Presto is an open source distibruted query engine built for Big Data enabling high performance SQL access to a large variety of data sources including HDFS, PostgreSQL, MySQL, Cassandra, MongoDB, Elasticsearch and Kafka among others.

Update 6 Feb 2021: PrestoSQL is now rebranded as Trino. Read more about it here. If you installed PrestoSQL before, have a look at the migration guide. This tutorial was done using PrestoDB 0.242 and PrestoSQL 344.

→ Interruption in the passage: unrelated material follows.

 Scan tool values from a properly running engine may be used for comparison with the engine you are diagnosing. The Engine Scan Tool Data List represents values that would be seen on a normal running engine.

To start off with a bit of history: Presto started 2012 in Facebook and was later released in 2013 as an open source project under the Apache Licence. It is most comparable to Apache Spark in the Big Data space as it also offers query optimization with the Catalyst Optimizer and an SQL interface to its data sources. Presto and Apache Spark have its own resource manager, but Apache Spark is generally run on top of Hadoops’ YARN resource manager. Presto on the other hand uses its own coordinator within the cluster to schedule queries among its workers.

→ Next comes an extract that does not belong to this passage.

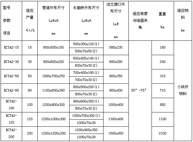 RCYA1、RCYA2系列管道式永磁除鐵器包括無(wú)磁管道和永磁鐵兩部分,****于對(duì)封閉管道內(nèi)非磁性物料除鐵、永磁除鐵器內(nèi)部采用高性能稀土強(qiáng)磁材料組成復(fù)合磁系。具有體積小、磁力大、重量輕、除鐵干凈、方便、無(wú)能耗、使用壽命長(zhǎng)等特點(diǎn)。適合于無(wú)輸送皮帶,只能提供下料溜槽的場(chǎng)合。當(dāng)散狀物料經(jīng)過(guò)管道式永磁除鐵器時(shí),鐵雜物被高場(chǎng)強(qiáng)的永磁鐵所吸附,清除鐵雜質(zhì)時(shí),打開(kāi)管道****門(mén)將雜質(zhì)取出。該設(shè)備適用于含鐵量較少的場(chǎng)合,含鐵較多的場(chǎng)合,應(yīng)選用自卸式除鐵器或RCYG系列精細(xì)除鐵器。主要應(yīng)用于水泥、化工、煤炭、塑料、耐火材料、建材等行業(yè)的下料管道中清除雜物。

Presto itself does not offer a database and should be only used for large analytical queries that fall into Online Analytical Processing (OLAP). Therefore Online transaction processing (OLTP) workloads should be avoided. Presto offers a large variety of connectors like for example MySQL, PostgreSQL, HDFS with Hive, Cassandra, Redis, Kafka, ElasticSearch, MongoDB among others. Further, Presto enables federated queries which means that you can query different databases with different schemas in the same SQL statement at the same time.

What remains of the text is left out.